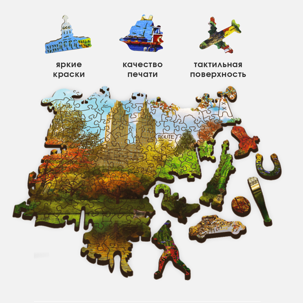Деревянные пазлы для детей и взрослых Trefl "Манхэттен" 37.5х25.4 см, 501 уникальная деталь
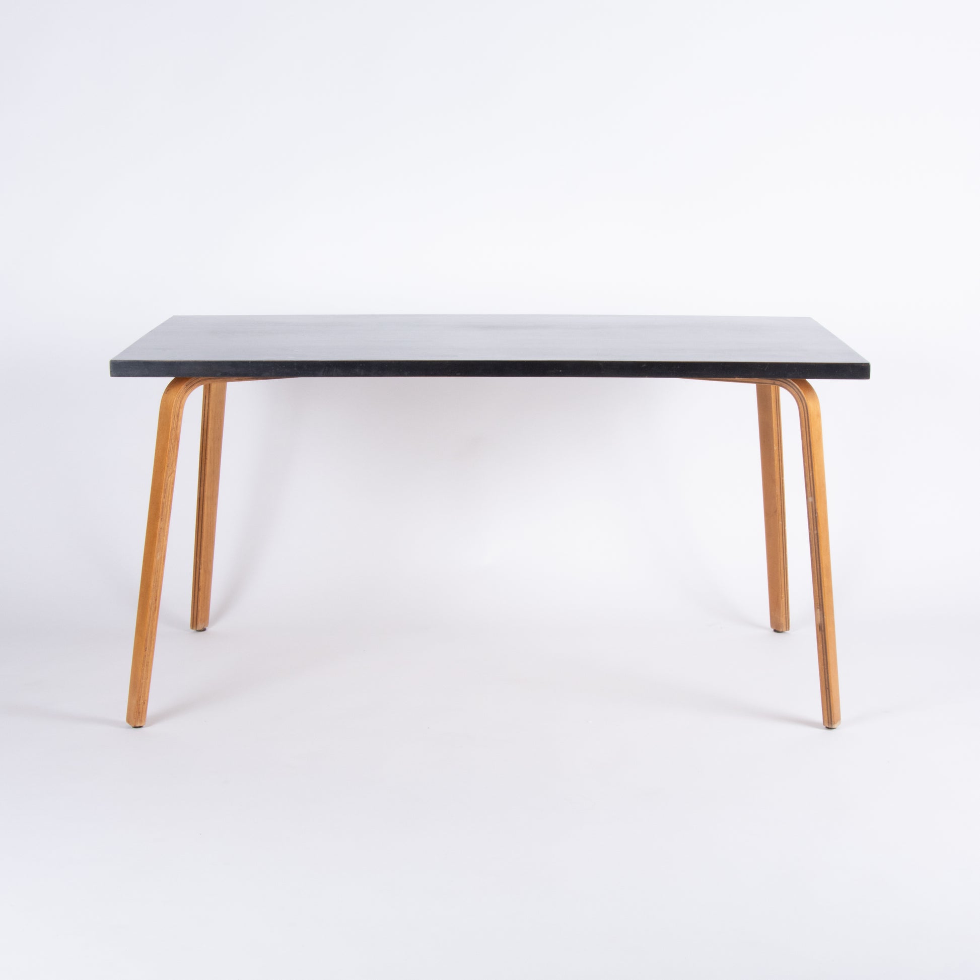 Classic and simple dining table manufactured by Thonet in the 1960s. Bent ply legs and a dark, almost black stained wood top. Comfortably seats 6. Could also serve as a desk surface if you so desire. In overall good vintage condition with minor age appropriate wear. Nationwide shipping and local delivery available. Please write with any questions prior to purchase. All sales final.
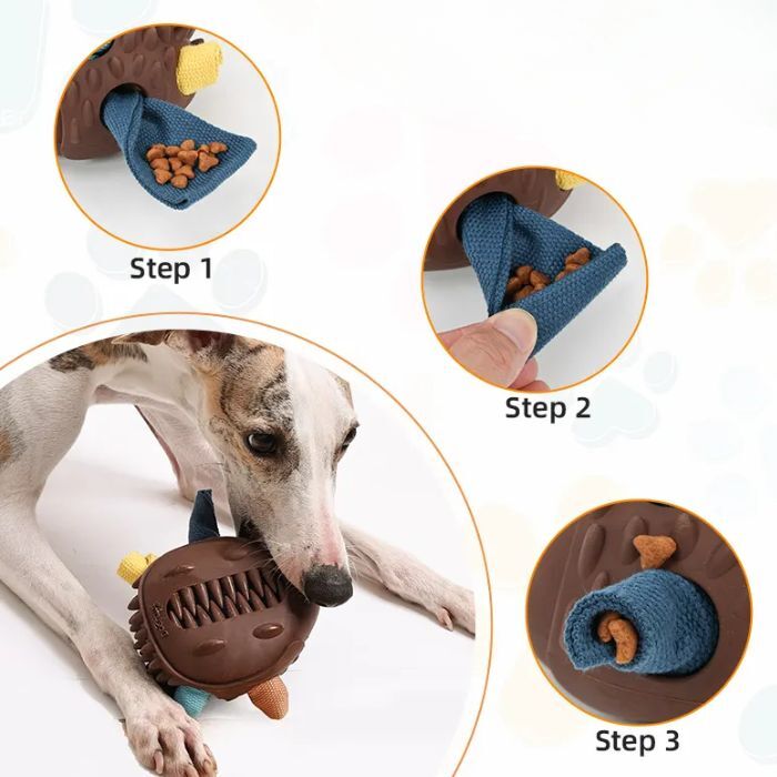 DogLemi Pelle Pindsvin aktivitetslegetøj er mere end blot sjov leg – det er også en effektiv måde at aktivere din hunds lugtesans og problemløsningsevner. Det skjulte rum til godbidder forlænger legen, mens åbningen i bunden giver mulighed for at gemme et tyggeben eller en snack, der kan holde din hund beskæftiget i længere tid. Perfekt til indendørs aktivering på regnvejrsdage eller som en sjov del af hverdagen.
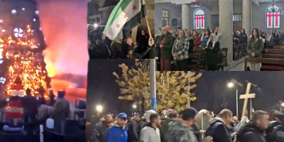 Stotine demonstranata izašlo je tokom noći na ulice u hrišćanskim oblastima Damaska u znak protesta zbog paljenja jelke nekoliko sati pre ponoći, uoči Badnjeg dana.

### Task objective
Write out every line of the listing exactly as written, and leave the pictures out.

### Answer section
Деревянные пазлы для детей и взрослых Trefl "Манхэттен" 37.5х25.4 см, 501 уникальная деталь
 Classic and simple dining table manufactured by Thonet in the 1960s. Bent ply legs and a dark, almost black stained wood top. Comfortably seats 6. Could also serve as a desk surface if you so desire. In overall good vintage condition with minor age appropriate wear. Nationwide shipping and local delivery available. Please write with any questions prior to purchase. All sales final.
 DogLemi Pelle Pindsvin aktivitetslegetøj er mere end blot sjov leg – det er også en effektiv måde at aktivere din hunds lugtesans og problemløsningsevner. Det skjulte rum til godbidder forlænger legen, mens åbningen i bunden giver mulighed for at gemme et tyggeben eller en snack, der kan holde din hund beskæftiget i længere tid. Perfekt til indendørs aktivering på regnvejrsdage eller som en sjov del af hverdagen.
 Stotine demonstranata izašlo je tokom noći na ulice u hrišćanskim oblastima Damaska u znak protesta zbog paljenja jelke nekoliko sati pre ponoći, uoči Badnjeg dana.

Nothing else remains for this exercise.